■ Task to complete
The material below has pictures in it. Set down only the lines from the line containing "今回の最大のお目当てである旅" through the line containing "For eksempel reduseres", word for word, and leave the pictures behind.

■ Given data
____

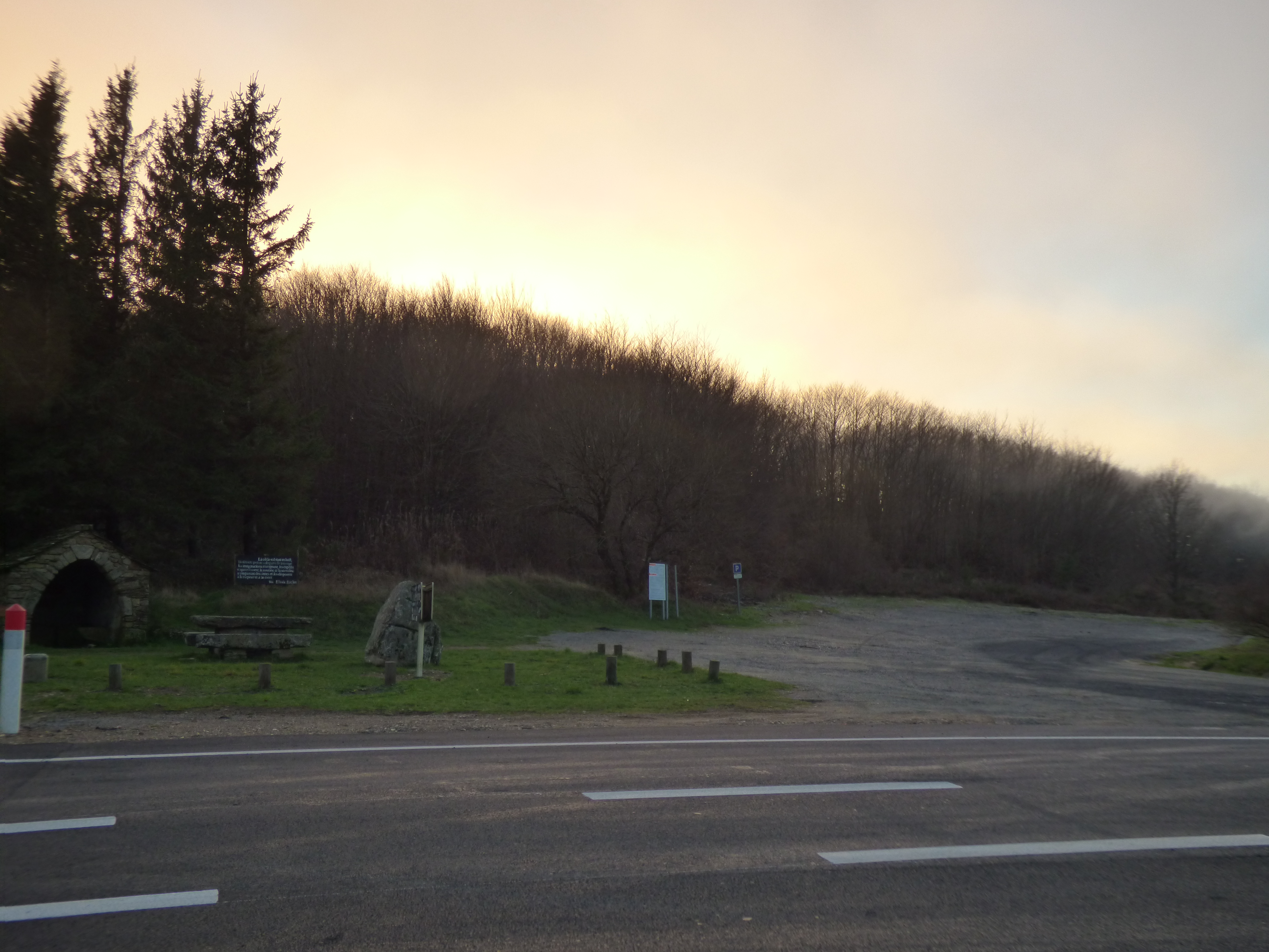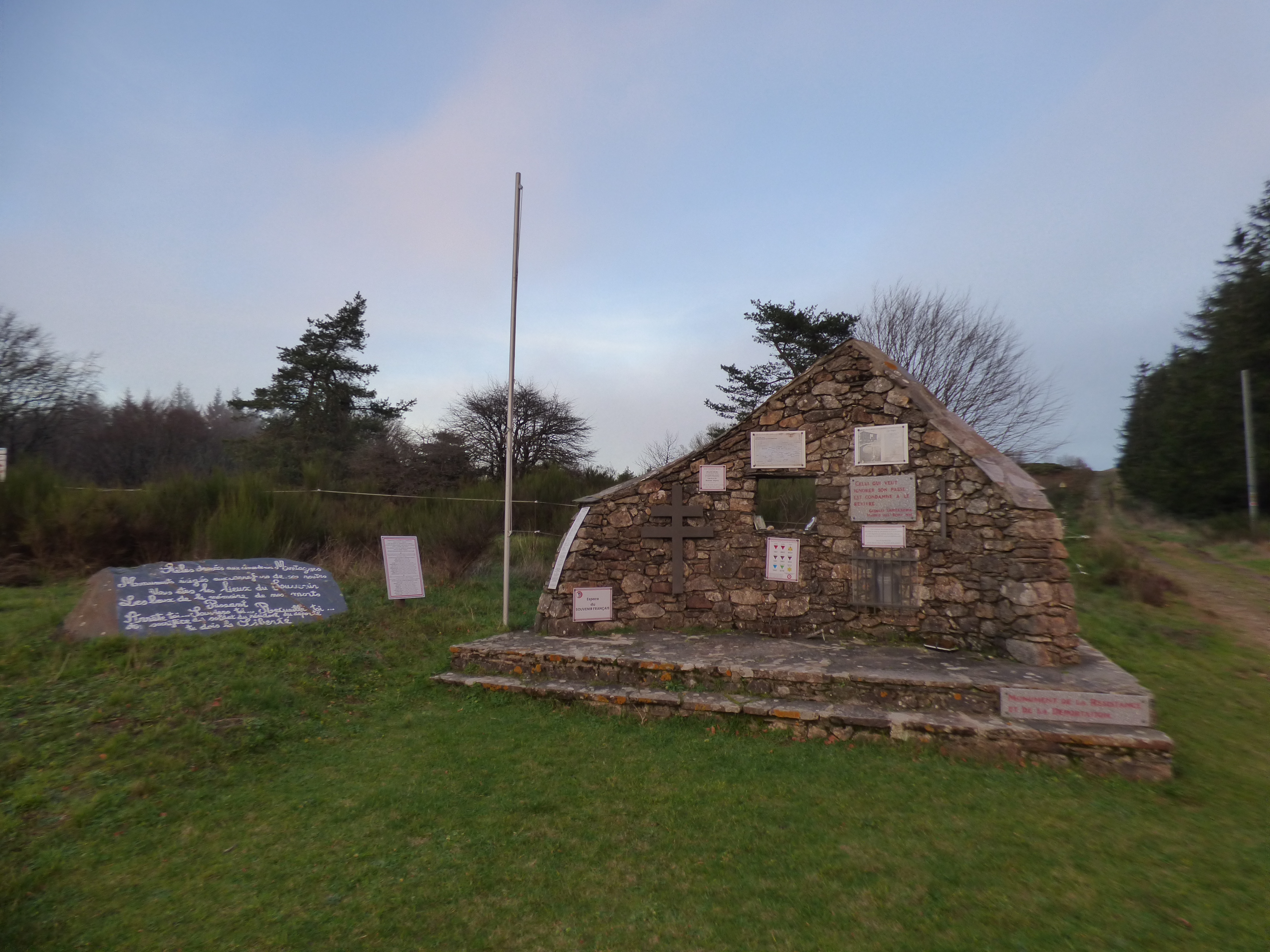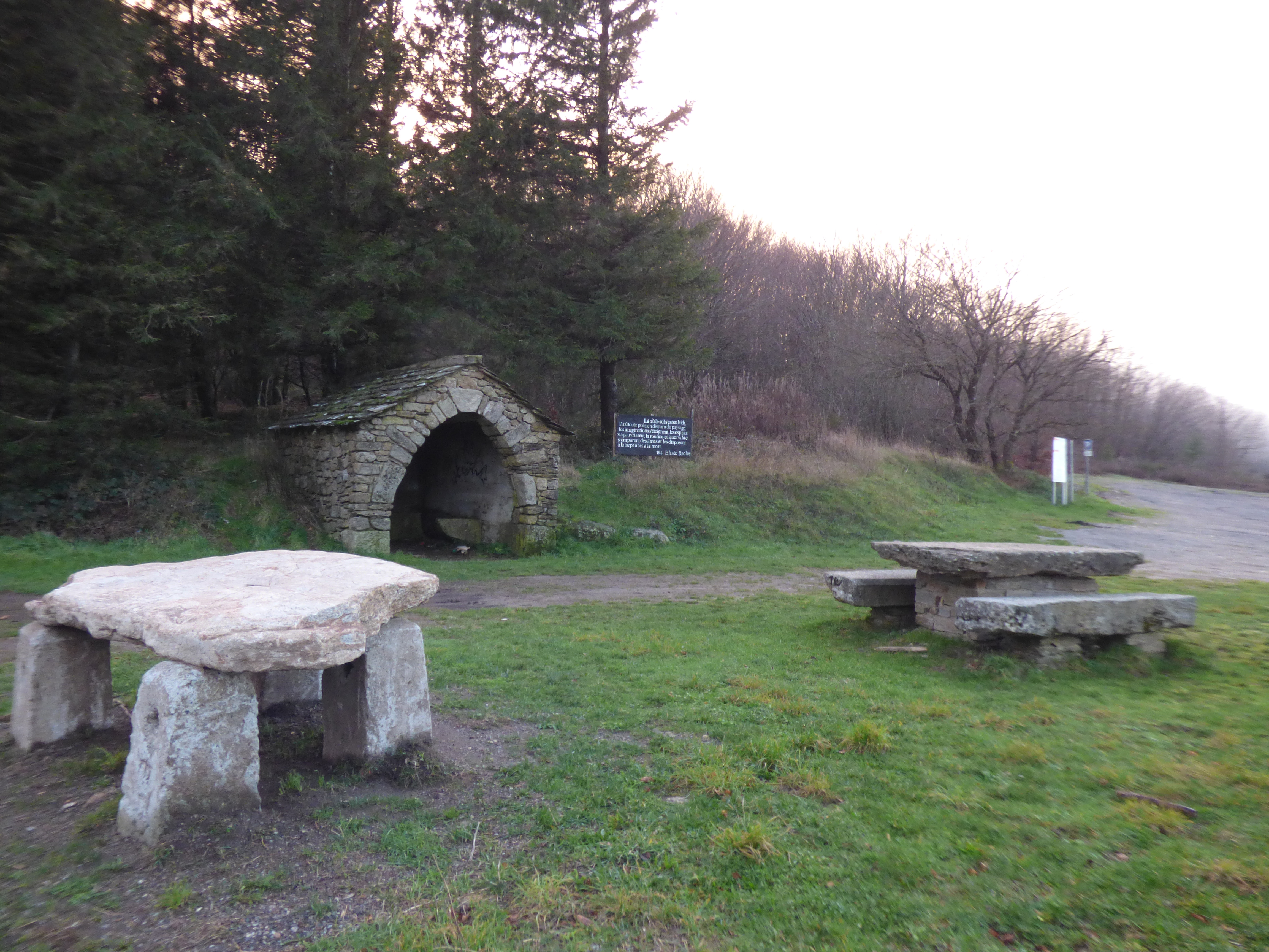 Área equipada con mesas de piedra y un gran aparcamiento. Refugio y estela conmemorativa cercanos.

____

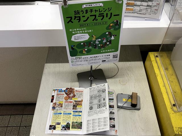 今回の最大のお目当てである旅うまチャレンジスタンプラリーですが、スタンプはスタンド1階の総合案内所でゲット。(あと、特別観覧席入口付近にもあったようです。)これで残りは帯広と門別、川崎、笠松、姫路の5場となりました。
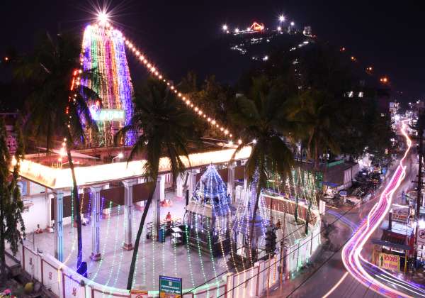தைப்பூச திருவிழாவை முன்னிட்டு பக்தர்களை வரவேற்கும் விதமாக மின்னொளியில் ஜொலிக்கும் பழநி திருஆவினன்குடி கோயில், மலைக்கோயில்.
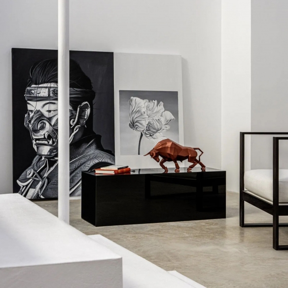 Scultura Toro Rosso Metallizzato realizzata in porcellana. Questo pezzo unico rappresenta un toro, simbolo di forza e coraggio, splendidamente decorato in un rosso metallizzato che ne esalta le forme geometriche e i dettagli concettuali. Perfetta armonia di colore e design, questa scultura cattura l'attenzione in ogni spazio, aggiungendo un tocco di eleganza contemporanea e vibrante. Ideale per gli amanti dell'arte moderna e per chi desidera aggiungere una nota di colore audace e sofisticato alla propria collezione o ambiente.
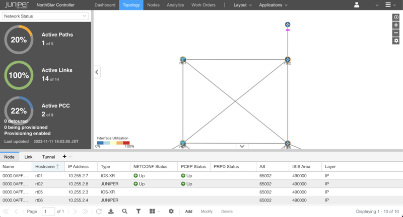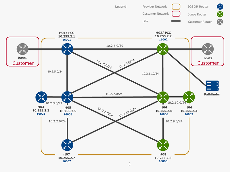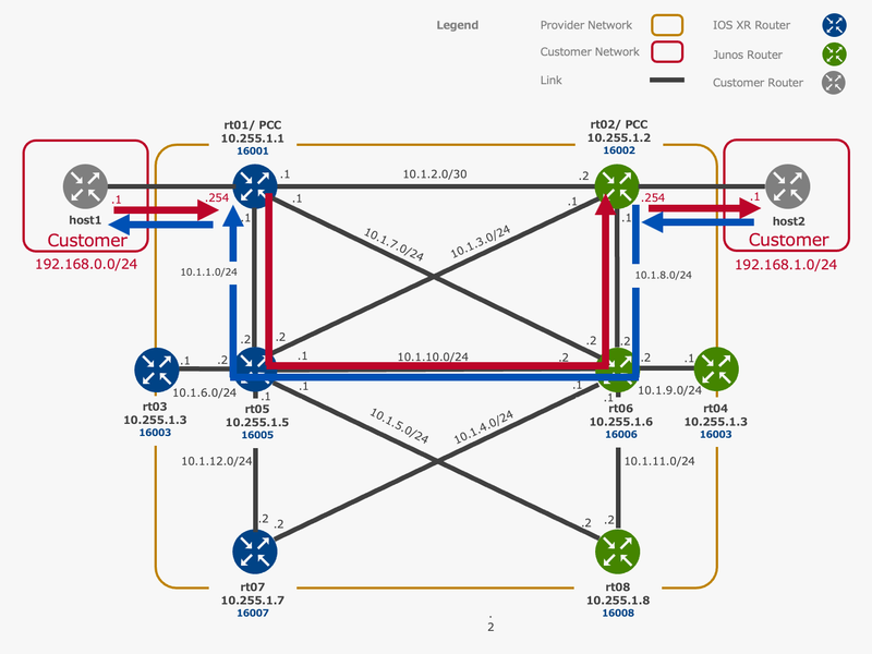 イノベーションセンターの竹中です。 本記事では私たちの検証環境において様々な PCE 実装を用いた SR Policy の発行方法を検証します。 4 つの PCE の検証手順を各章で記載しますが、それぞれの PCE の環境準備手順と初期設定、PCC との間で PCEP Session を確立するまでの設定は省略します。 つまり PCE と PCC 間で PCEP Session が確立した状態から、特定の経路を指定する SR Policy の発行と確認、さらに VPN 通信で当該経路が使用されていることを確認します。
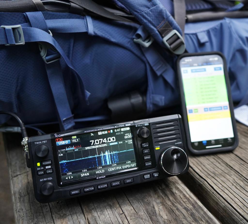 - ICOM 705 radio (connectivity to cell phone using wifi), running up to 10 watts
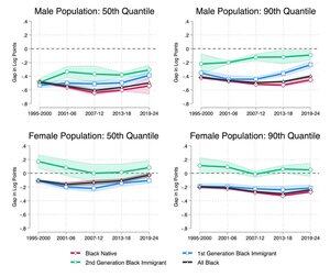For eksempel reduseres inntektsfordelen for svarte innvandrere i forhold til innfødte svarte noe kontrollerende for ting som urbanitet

____

■ Response to the task
 今回の最大のお目当てである旅うまチャレンジスタンプラリーですが、スタンプはスタンド1階の総合案内所でゲット。(あと、特別観覧席入口付近にもあったようです。)これで残りは帯広と門別、川崎、笠松、姫路の5場となりました。
தைப்பூச திருவிழாவை முன்னிட்டு பக்தர்களை வரவேற்கும் விதமாக மின்னொளியில் ஜொலிக்கும் பழநி திருஆவினன்குடி கோயில், மலைக்கோயில்.
 Scultura Toro Rosso Metallizzato realizzata in porcellana. Questo pezzo unico rappresenta un toro, simbolo di forza e coraggio, splendidamente decorato in un rosso metallizzato che ne esalta le forme geometriche e i dettagli concettuali. Perfetta armonia di colore e design, questa scultura cattura l'attenzione in ogni spazio, aggiungendo un tocco di eleganza contemporanea e vibrante. Ideale per gli amanti dell'arte moderna e per chi desidera aggiungere una nota di colore audace e sofisticato alla propria collezione o ambiente.
 イノベーションセンターの竹中です。 本記事では私たちの検証環境において様々な PCE 実装を用いた SR Policy の発行方法を検証します。 4 つの PCE の検証手順を各章で記載しますが、それぞれの PCE の環境準備手順と初期設定、PCC との間で PCEP Session を確立するまでの設定は省略します。 つまり PCE と PCC 間で PCEP Session が確立した状態から、特定の経路を指定する SR Policy の発行と確認、さらに VPN 通信で当該経路が使用されていることを確認します。
 - ICOM 705 radio (connectivity to cell phone using wifi), running up to 10 watts
For eksempel reduseres inntektsfordelen for svarte innvandrere i forhold til innfødte svarte noe kontrollerende for ting som urbanitet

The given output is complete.